--- Recorded data Enclosed Below ---

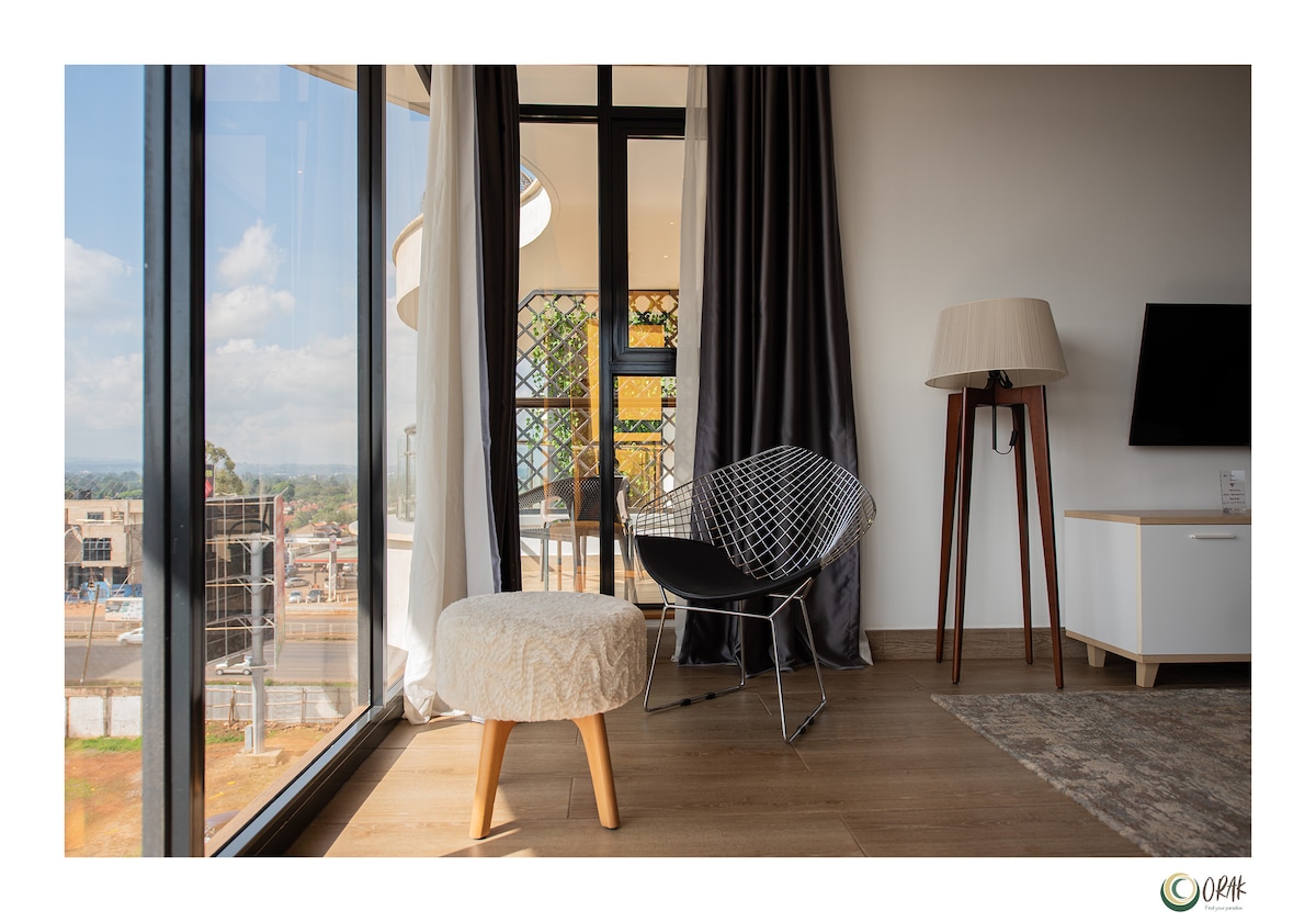 Enjoy hotel-style living in this corner apartment with direct access from the JKIA Expressway; steps from the Lavington business hub, shopping malls, and an in-house coffee shop. Floor-to-ceiling windows frame stunning Ngong Hills views, while the open-plan living and bedrooms create a bright, airy environment. A secure smart lock for a seamless check-in. Perfect for both business & leisure stays. Designed for ease, comfort, and quiet sophistication - enjoy the experience of Orak Hospitality.
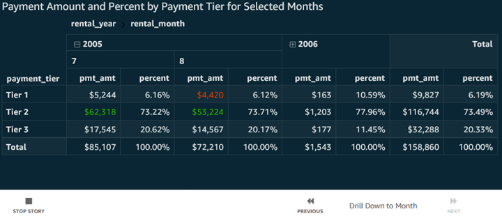The screenshot below is a Story based on the Pivot Table previously viewed, both with that initial scene and a second scene as a simple drill-down showing months with some conditional formatting for high or low payment amounts.
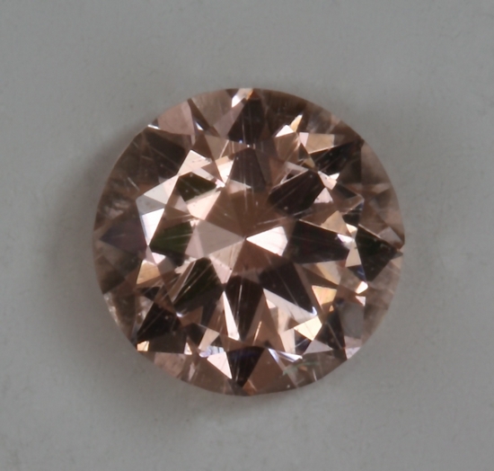 This small round has one feather down the middle of the standard round brilliant. Face up it is not very noticeable (even under the loop.) because it is perpendicular to the table. It weighs .24 carats.
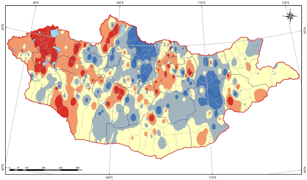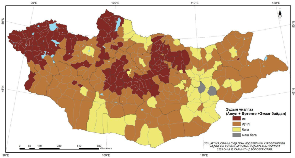 Ус цаг уур, орчны судалгаа, мэдээллийн хүрээлэнгээс 2025 оны 12 дугаар сарын зудын эрсдэлийн ерөнхий үнэлгээг аюулын үзүүлэлтүүд болох энэ зуны ган, зуншлагын байдал, агаарын температур, хур тунадасны дундажтай харьцуулсан хазайлт, цасны зузаан болон 12 дугаар сарын агаарын температур, хур тунадасны урьдчилсан төлөв зэрэг мэдээлэлд үндэслэн боловсруулжээ.
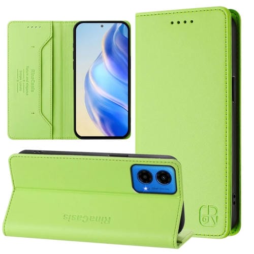 Funda de Cuero Motorola Moto G45 5G G34 5G Rc01 Doble Pliegue Succión Magnética (Verde Hierba)
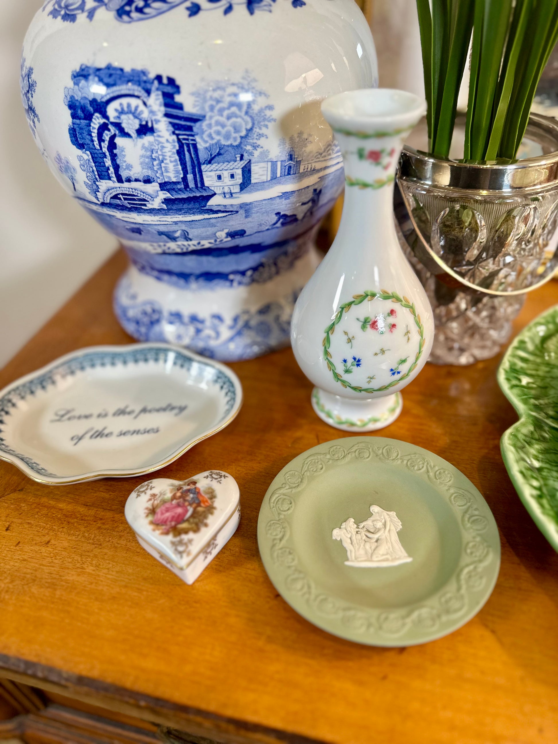 A delicate finishing touch for an intimate table, this vintage Bernardaud Limoges porcelain bud vase in the Poe pattern brings soft romance and timeless French elegance to your Valentine’s Day setting. Hand-painted floral sprays in blush pink, cornflower blue, and fresh green are framed by laurel wreath garlands, creating a look that feels classic yet light and effortless. Perfectly scaled for a single bloom or a few clipped stems, this vase is ideal for smaller, layered tablescapes—designed to complement celadon-inspired plates, polished silver, and candlelight without overwhelming the place setting. Very good vintage condition with no chips or cracks. Light wear to the base consistent with age.
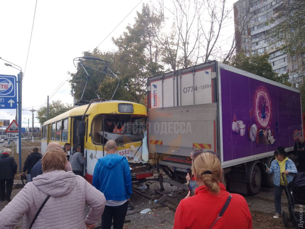 У КП «Одесміськелектротранс» повідомили «Думській», що ДТП сталася з вини водія вантажівки, який вискочив на рейки і не встиг проїхати перед трамваєм.
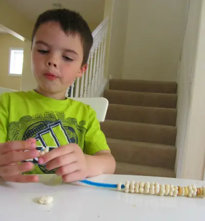 You will need some cereals with holes in their center along with threads or yarns. Teach your students how to pass their cereals through these threads or yarns and wait as they try to do so.
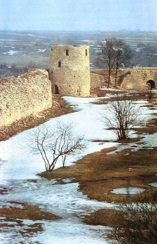 Вид на Изборскую крепость с напольной стороны. |
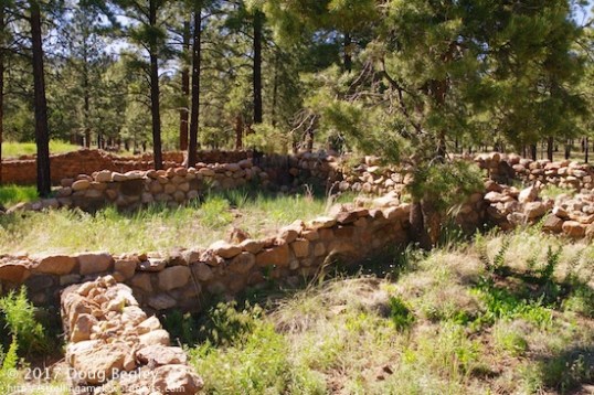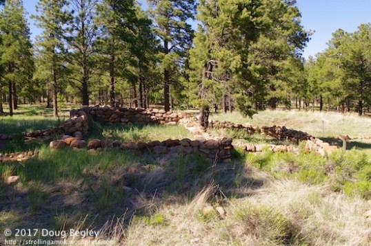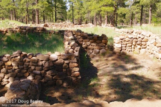 Few Native Americans lived in the Flagstaff area after that, so when the honkies moved in – er, I mean the Euro-Americans – in the 1870s, they pretty much had it to themselves. The assigned Elden name comes from a sheepherder after whom Mt. Elden is named as well. The pueblos were not discovered until 1916, when Mary-Russel Ferrell Colton stumbled over it while horseback riding. She and her husband, Harold, founded the Museum of Northern Arizona and began an archeological survey of the entire area. The find interested two men from the Smithsonian, which prompted a dig in 1926 using a dozen men. They unearthed 35 rooms and 2,500 artifacts. A little more digging by someone from Northern Arizona University 1966-1968 took place, but by 1978, the U.S. Forest Service was thinking about trading the area off for other land. Testing indicated that the site was still “intact”(?) and worthy of preservation, so they kept it. In 1980, it was decided to allow the “public” in the form of school children (sounds like a political decision, doesn’t it?) to have access to the site, as well as the general public. There was an Arizona Historical Society cargo trailer parked there when I visited, along with two portable toilets marked “boys” & “girls”. It looked like there was a further excavation being done in a pit.
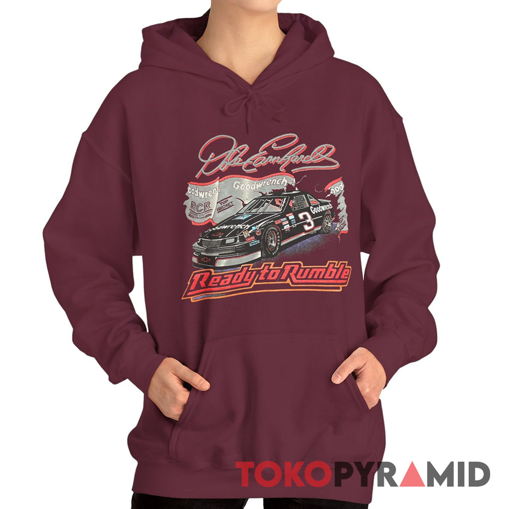 The design of this NASCAR T-shirt captures the essence of that historic year. At its center, the image of Earnhardt’s racing car stands tall, representing his dominance on the track and his unwavering determination. Above the car, the elegant curves of the name “Dale Earnhardt” are intricately woven, paying homage to the man who fearlessly pushed the limits of racing. Below the car, the bold proclamation of Ready to Rumble takes the spotlight, showcasing the thrilling fusion of NASCAR racing and the intensity of wrestling.
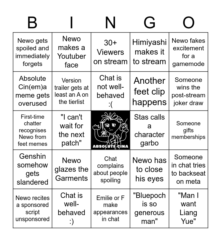 This bingo card has a free space and 24 words: Newo glazes the Garments, Chat is well-behaved :), Chat is not well-behaved :(, Newo recites a sponsored script unsponsored, Newo fakes excitement for a gamemode, Newo gets spoiled and immediately forgets, Absolute Cin(em)a meme gets overused, Newo makes a Youtuber face, Stas calls a character garbo, Chat complains about people spoiling, Another feet clip happens, First-time chatter recognises Newo from feet memes, Newo has to close his eyes, Someone in chat tries to backseat on meta, Version trailer gets at least an A on the tierlist, "Bluepoch is so generous man", Someone gifts memberships, 30+ Viewers on stream, Someone wins the post-stream joker draw, "I can't wait for the next patch", "Man I want Liang Yue", Genshin somehow gets slandered, Himiyashi makes it to stream and Emilie or F make appearances in chat.

--- End of Enclosed Recorded data ---

**Activity:**
Word for word, give again the lines from the first entry to the line with "Funda de Cuero", inclusive. Exclude the pictures.

**Answer section:**
 Enjoy hotel-style living in this corner apartment with direct access from the JKIA Expressway; steps from the Lavington business hub, shopping malls, and an in-house coffee shop. Floor-to-ceiling windows frame stunning Ngong Hills views, while the open-plan living and bedrooms create a bright, airy environment. A secure smart lock for a seamless check-in. Perfect for both business & leisure stays. Designed for ease, comfort, and quiet sophistication - enjoy the experience of Orak Hospitality.
The screenshot below is a Story based on the Pivot Table previously viewed, both with that initial scene and a second scene as a simple drill-down showing months with some conditional formatting for high or low payment amounts.
 This small round has one feather down the middle of the standard round brilliant. Face up it is not very noticeable (even under the loop.) because it is perpendicular to the table. It weighs .24 carats.
 Ус цаг уур, орчны судалгаа, мэдээллийн хүрээлэнгээс 2025 оны 12 дугаар сарын зудын эрсдэлийн ерөнхий үнэлгээг аюулын үзүүлэлтүүд болох энэ зуны ган, зуншлагын байдал, агаарын температур, хур тунадасны дундажтай харьцуулсан хазайлт, цасны зузаан болон 12 дугаар сарын агаарын температур, хур тунадасны урьдчилсан төлөв зэрэг мэдээлэлд үндэслэн боловсруулжээ.
 Funda de Cuero Motorola Moto G45 5G G34 5G Rc01 Doble Pliegue Succión Magnética (Verde Hierba)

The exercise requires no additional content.